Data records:
:::::

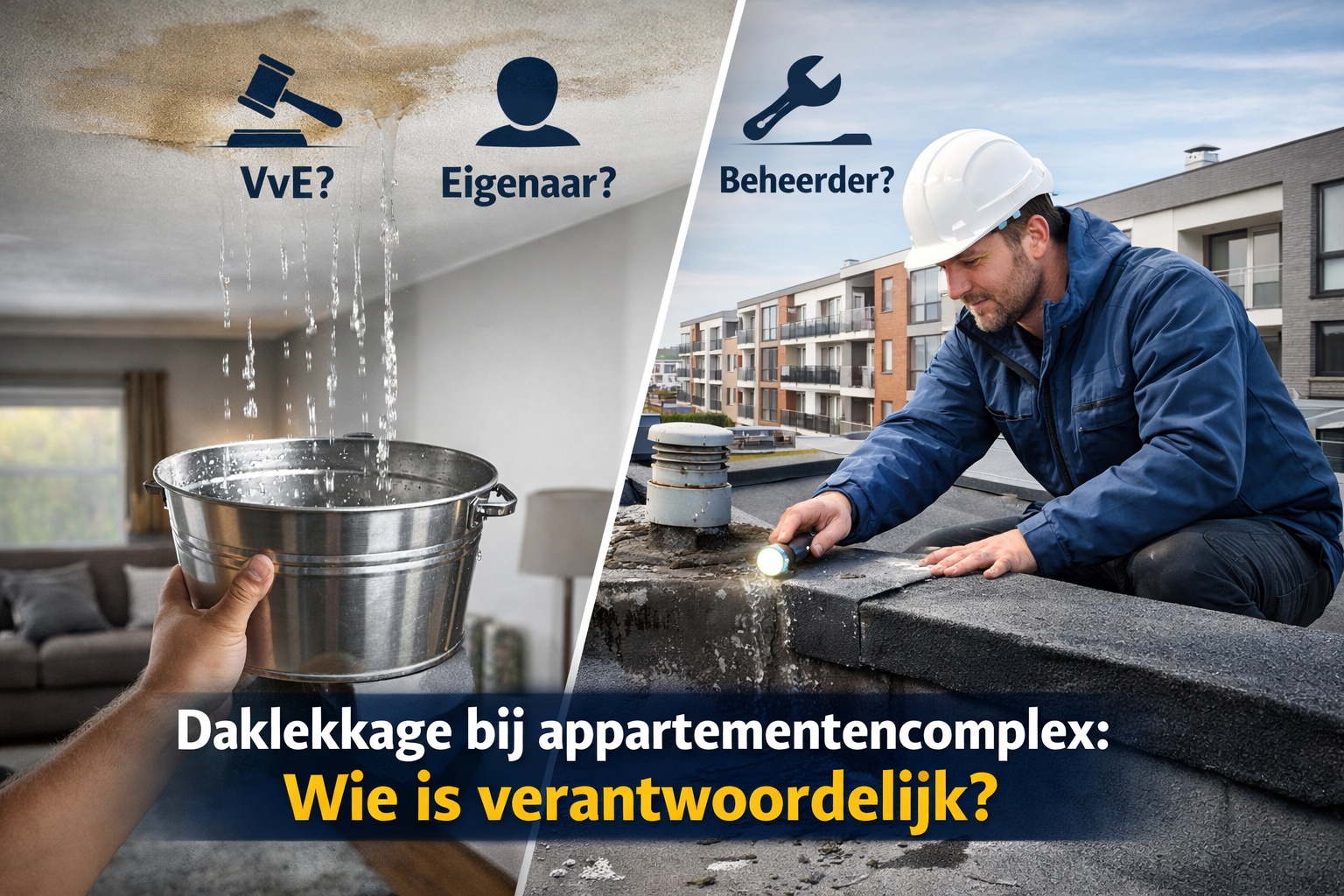 Een daklekkage in een appartementencomplex zorgt vaak niet alleen voor schade, maar ook voor onduidelijkheid. Wie is verantwoordelijk voor de reparatie? De bewoner, de VvE of de beheerder? In dit artikel leggen we helder uit hoe de verantwoordelijkheden verdeeld zijn en wat je als VvE of vastgoedbeheerder het beste kunt doen.
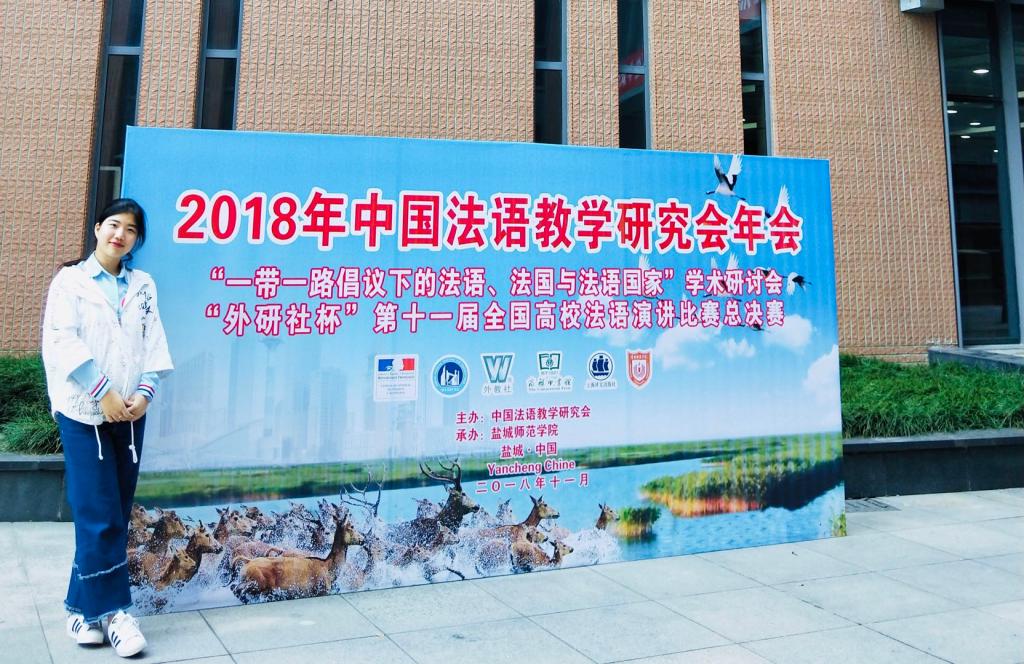 2018年11月3日上午,由教育部外指委法语分委员会、中国法语教学研究会主办、盐城师范学院承办的“外研社杯”第十一届全国高校法语演讲比赛全国总决赛中,我校法语系2015级学生田晶鑫凭借扎实的语言功底、宽阔的知识面和出色的临场应变能力,荣获本次比赛一等奖。
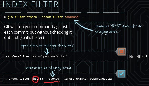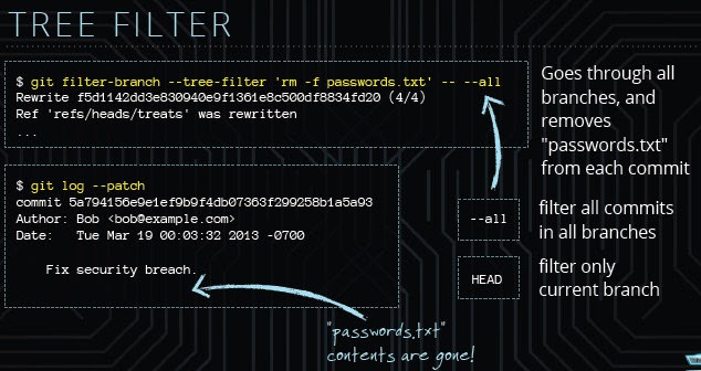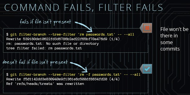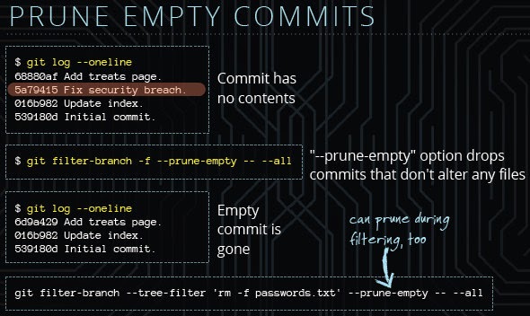 Great! Now we're getting somewhere. There is one more problem though, you realize that some of the commits don't contain anything anymore, since you removed the password file that they referenced. You should probably use the --prune-empty option do something to clean these out.
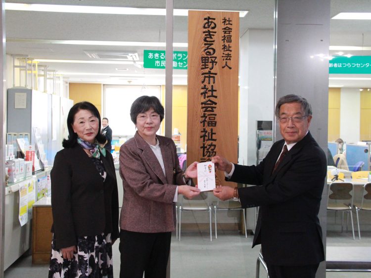 国際ソロプチミストあきる野様より、寄附金をいただきました。
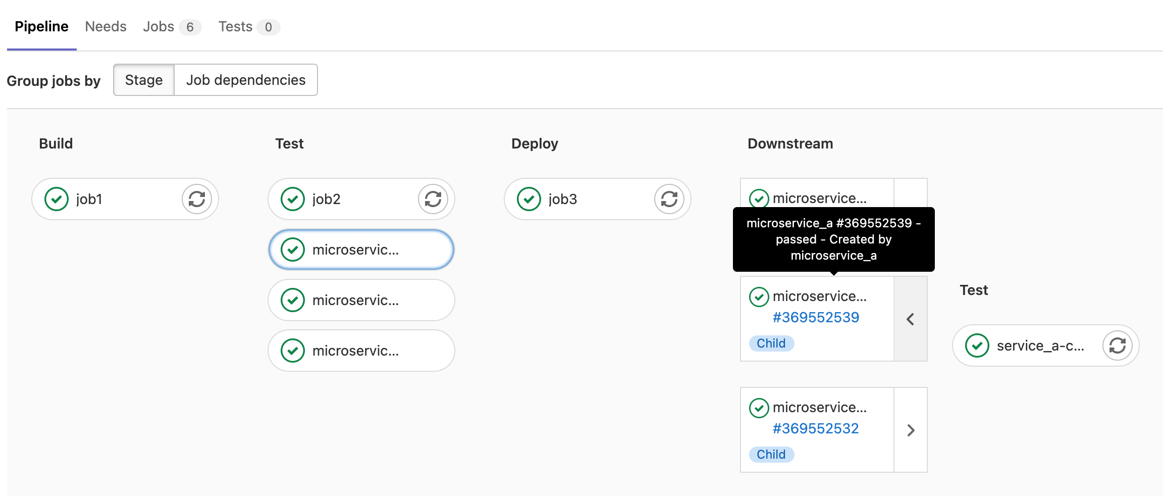 It's also possible to set jobs to run before or after triggering child pipelines, for example if you have common setup steps or a unified deployment at the end.
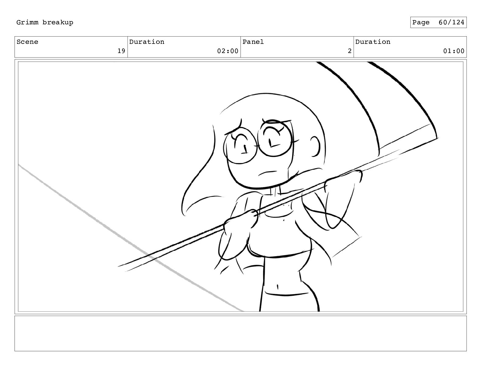 Scene 32 Duration 02:00 Panel 1 Duration 01:00 Grimm breakup
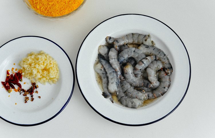 大虾去头去壳,挑去虾线,洗净沥干水分。蛋清中加入1茶匙黑胡椒粉和1/2茶匙盐,将处理好的虾仁放入,搅拌均匀,腌渍片刻。
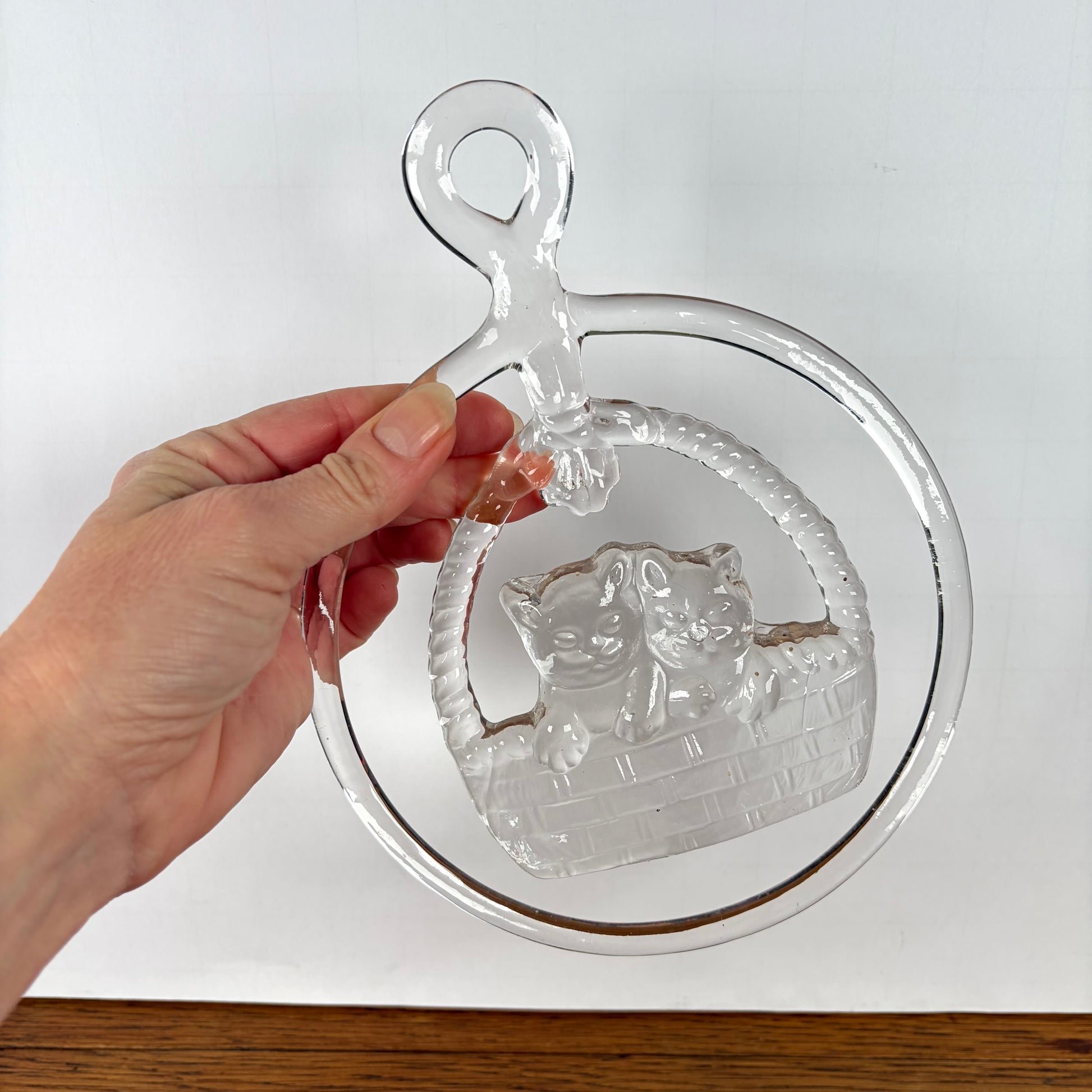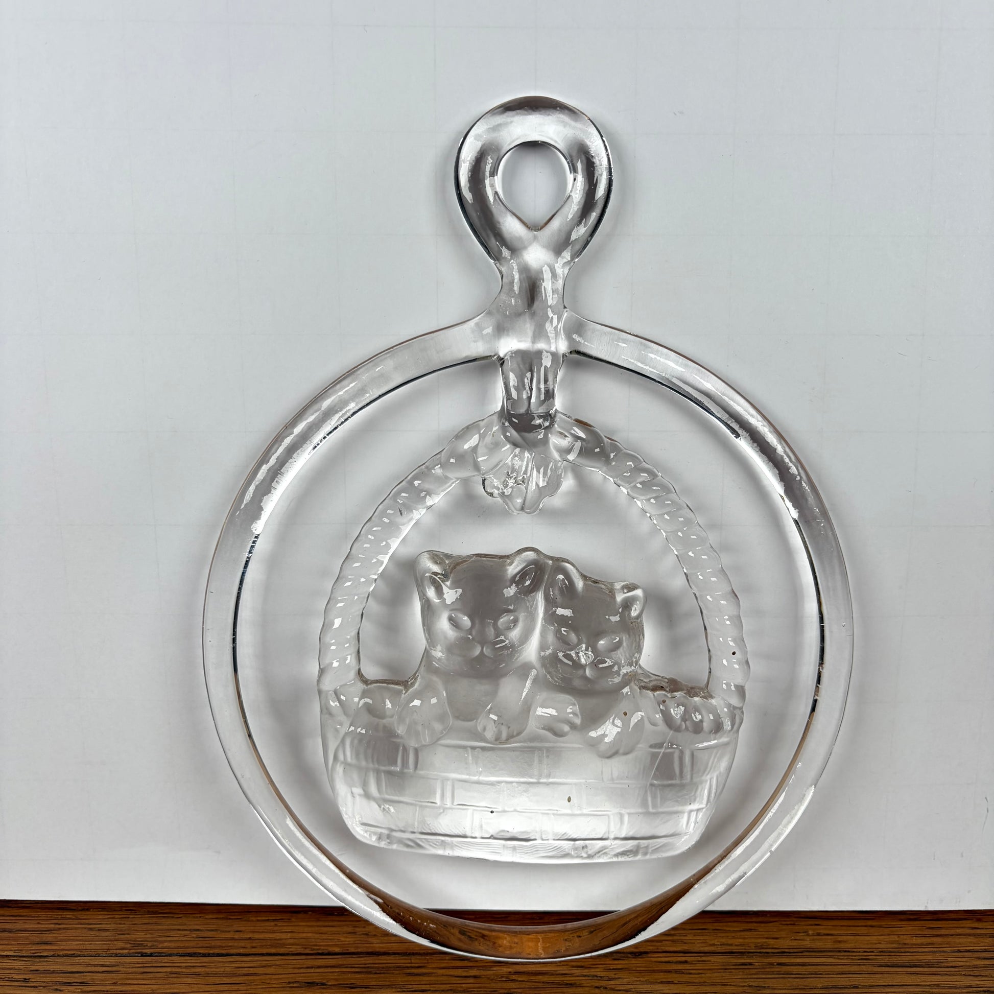 - Prachtige glazen raamhanger - suncatcher met katten in een mandje

:::::

What the task asks: Take the data above and repeat it exactly, leaving each picture out.

Answer box:
 Een daklekkage in een appartementencomplex zorgt vaak niet alleen voor schade, maar ook voor onduidelijkheid. Wie is verantwoordelijk voor de reparatie? De bewoner, de VvE of de beheerder? In dit artikel leggen we helder uit hoe de verantwoordelijkheden verdeeld zijn en wat je als VvE of vastgoedbeheerder het beste kunt doen.
 2018年11月3日上午,由教育部外指委法语分委员会、中国法语教学研究会主办、盐城师范学院承办的“外研社杯”第十一届全国高校法语演讲比赛全国总决赛中,我校法语系2015级学生田晶鑫凭借扎实的语言功底、宽阔的知识面和出色的临场应变能力,荣获本次比赛一等奖。
 Great! Now we're getting somewhere. There is one more problem though, you realize that some of the commits don't contain anything anymore, since you removed the password file that they referenced. You should probably use the --prune-empty option do something to clean these out.
 国際ソロプチミストあきる野様より、寄附金をいただきました。
 It's also possible to set jobs to run before or after triggering child pipelines, for example if you have common setup steps or a unified deployment at the end.
 Scene 32 Duration 02:00 Panel 1 Duration 01:00 Grimm breakup
 大虾去头去壳,挑去虾线,洗净沥干水分。蛋清中加入1茶匙黑胡椒粉和1/2茶匙盐,将处理好的虾仁放入,搅拌均匀,腌渍片刻。
 - Prachtige glazen raamhanger - suncatcher met katten in een mandje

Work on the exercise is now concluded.